◆ **TASK DETAILS**: Output each line exactly as written, from the first line of the records to the line bearing "[型番:IAC-6133-2", inclusive, while leaving every picture out.

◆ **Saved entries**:

━━━━━━━━━━━━━━━━━━━━━━━━━━━━━━

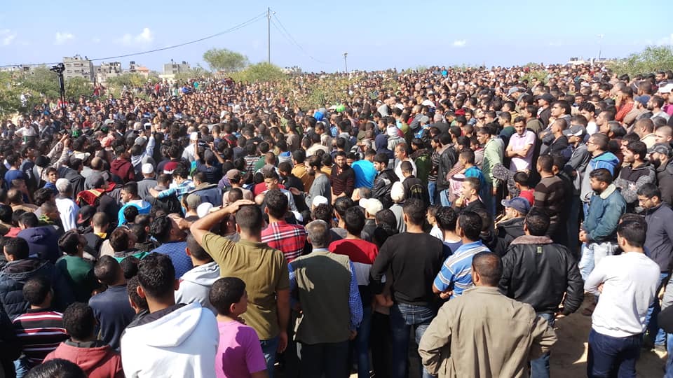 وشارك في تشييع الشهداء ممثلو الفصائل الوطنية، والإسلامية، والمجتمع الأهلي، والمدني، وسط حالة من الغضب والتنديد بجريمة الاحتلال الإسرائيلي، وأديت صلاة الجنازة على أرواحهم، ووروا الثرى في مقبرة الشهداء شرق المدينة.
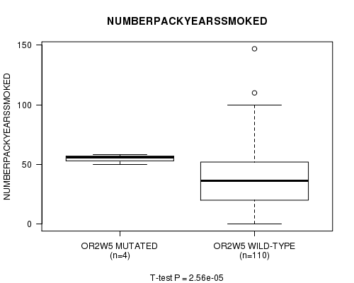 OR2W5 mutation correlated to 'NUMBERPACKYEARSSMOKED'.
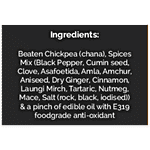 Beaten Chickpea (chana), Spices Mix (Black Pepper, Cumin seed, Clove, Asafoetida, Amla, Dry Mango Powder, Aniseed, Dry Ginger, Cinnamon, Laungi Mirch, Tartaric, Salt (rock, black, iodized)).
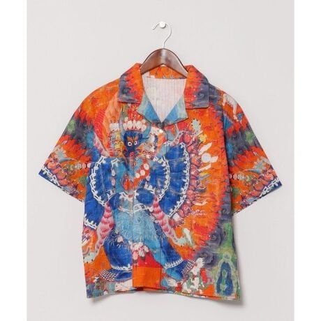 [型番:IAC-6133-2026]チベットの宗教画「タンカ」を大胆にプリントした総柄シャツ。肌なじみの良いコットン素材で着心地快適。着るだけでアートを感じられるデザイン。
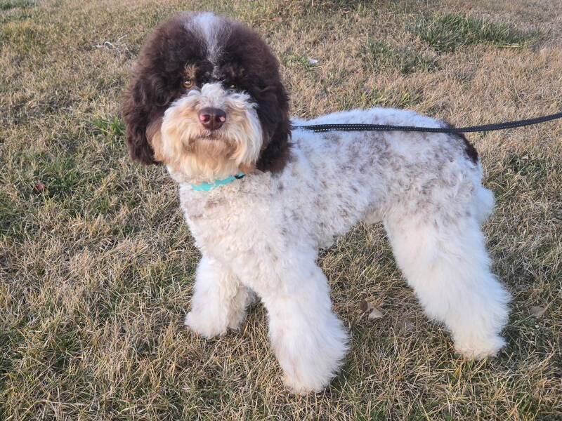 There will be an upcoming litter of multigenerational Bernedoodles due the end of May. Piper (on the left) is the mom, she is our Bernedoodle. Piper is very sweet, loves to snuggle, be with her people, and play outside. Piper weighs 22 lbs. The dad is Duke (on the right) he is a purebred poodle from Royal T Acres. Duke is very sweet, loves to play outside, and likes to snuggle. Duke weighs 18 lbs. These pups will be mid-size. Click "Contact" to message Amy and get on our waitlist!
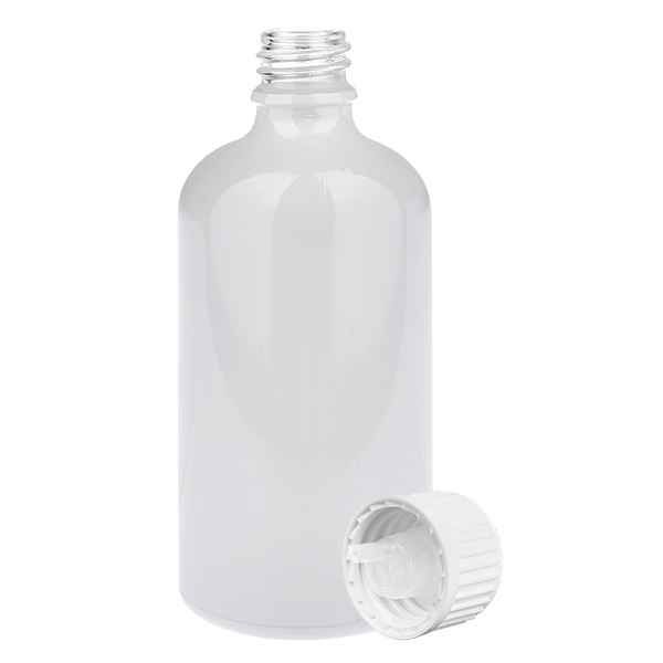 - Apothekersfles met 18 mm schroefdraad (UT18). Compleet met schroefdop.
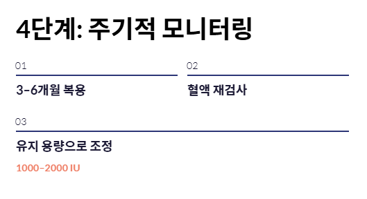 3~6개월 복용 후 다시 혈액 검사를 진행하세요. 수치가 정상 궤도에 올랐다면 고함량에서 유지 용량(약 1000~2000IU)으로 비타민d 하루 권장량을 하향 조정하는 지혜가 필요합니다.
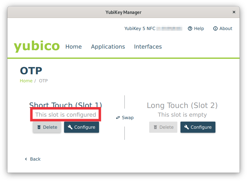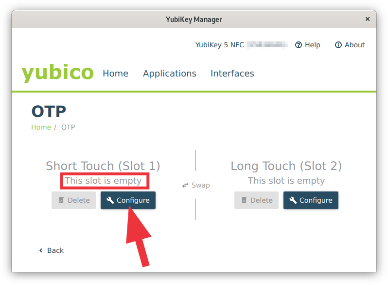 Fig. 3: YubiKey Manager - Slot selection (click on image for large view)
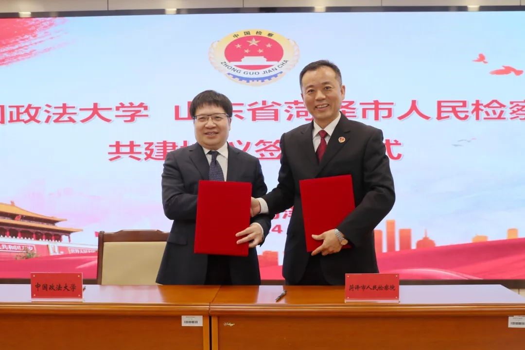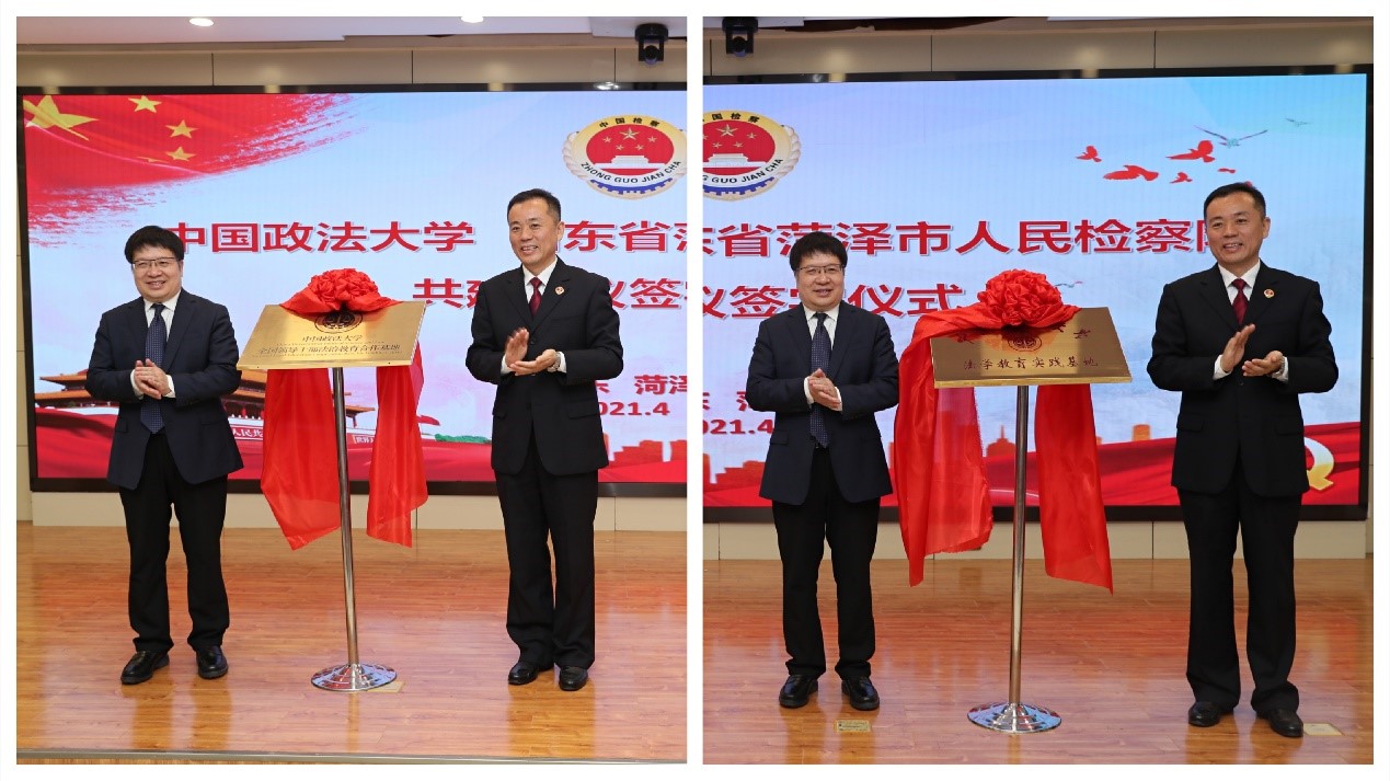 菏泽市检察院副检察长许澎涛、任孔全,政治部主任赵东,304永利官网登录入口教务处、国内合作处、304永利官网登录入口相关负责人参加了签字和揭牌仪式。
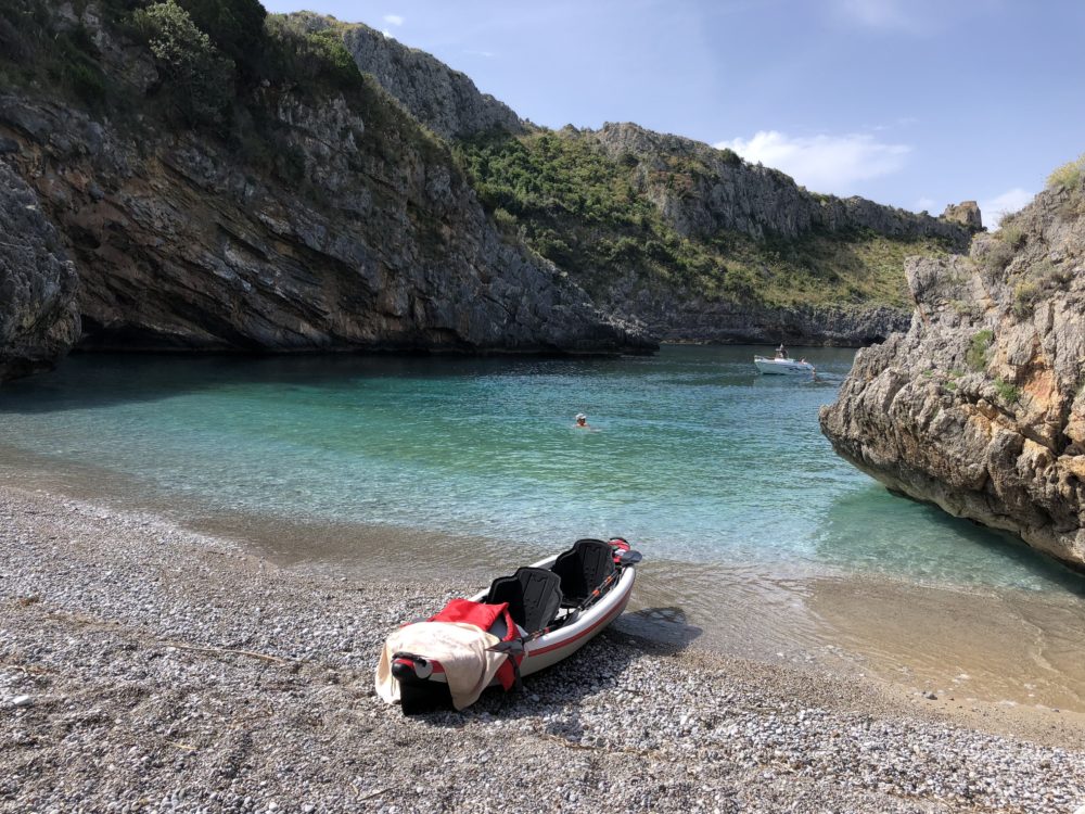Wir wandern am ersten Tag zu einer supertollen Badebucht mit klarem Wasser und bunten Fischen. Offenbar ist diese aber kein Geheimtipp und wird von ganz vielen Bootsgruppen angefahren. Am zweiten Tag pumpen wir unser Kajak auf und unternehmen eine Paddeltour entlang der Steilwandküste und besuchen die vielen blauen Grotten. Natürlich nicht ohne an einer der tollen Strände auch einen Badestopp ein zu legen. Fazit: Dies wird eine unsere Lieblingsgegenden in Italien bleiben!
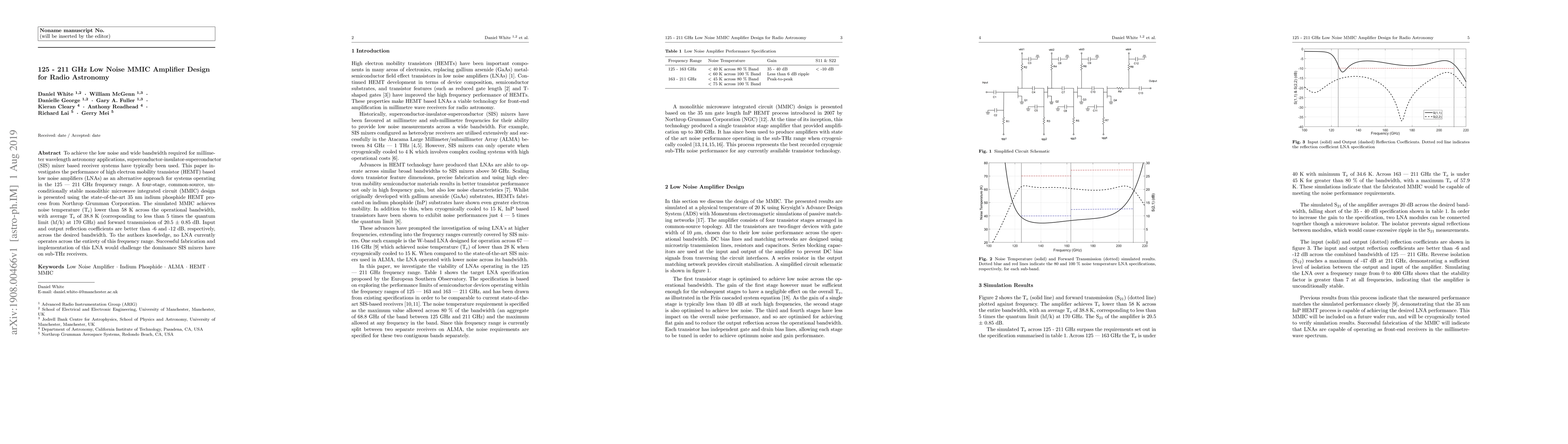 To achieve the low noise and wide bandwidth required for millimeter wavelength astronomy applications, superconductor-insulator-superconductor (SIS) mixer based receiver systems have typically been used. This paper investigates the performance of high electron mobility transistor (HEMT) based low noise amplifiers (LNAs) as an alternative approach for systems operating in the 125 - 211 GHz frequency range. A four-stage, common-source, unconditionally stable monolithic microwave integrated circuit (MMIC) design is presented using the state-of-the-art 35 nm indium phosphide HEMT process from Northrop Grumman Corporation. The simulated MMIC achieves noise temperature (Te) lower than 58 K across the operational bandwidth, with average Te of 38.8 K (corresponding to less than 5 times the quantum limit (hf/k) at 170 GHz) and forward transmission of 20.5 +/- 0.85 dB. Input and output reflection coefficients are better than -6 and -12 dB, respectively, across the desired bandwidth. To the authors knowledge, no LNA currently operates across the entirety of this frequency range. Successful fabrication and implementation of this LNA would challenge the dominance SIS mixers have on sub-THz receivers.

━━━━━━━━━━━━━━━━━━━━━━━━━━━━━━

◆ **ANSWER TO THIS PROBLEM**:
 وشارك في تشييع الشهداء ممثلو الفصائل الوطنية، والإسلامية، والمجتمع الأهلي، والمدني، وسط حالة من الغضب والتنديد بجريمة الاحتلال الإسرائيلي، وأديت صلاة الجنازة على أرواحهم، ووروا الثرى في مقبرة الشهداء شرق المدينة.
 OR2W5 mutation correlated to 'NUMBERPACKYEARSSMOKED'.
 Beaten Chickpea (chana), Spices Mix (Black Pepper, Cumin seed, Clove, Asafoetida, Amla, Dry Mango Powder, Aniseed, Dry Ginger, Cinnamon, Laungi Mirch, Tartaric, Salt (rock, black, iodized)).
 [型番:IAC-6133-2026]チベットの宗教画「タンカ」を大胆にプリントした総柄シャツ。肌なじみの良いコットン素材で着心地快適。着るだけでアートを感じられるデザイン。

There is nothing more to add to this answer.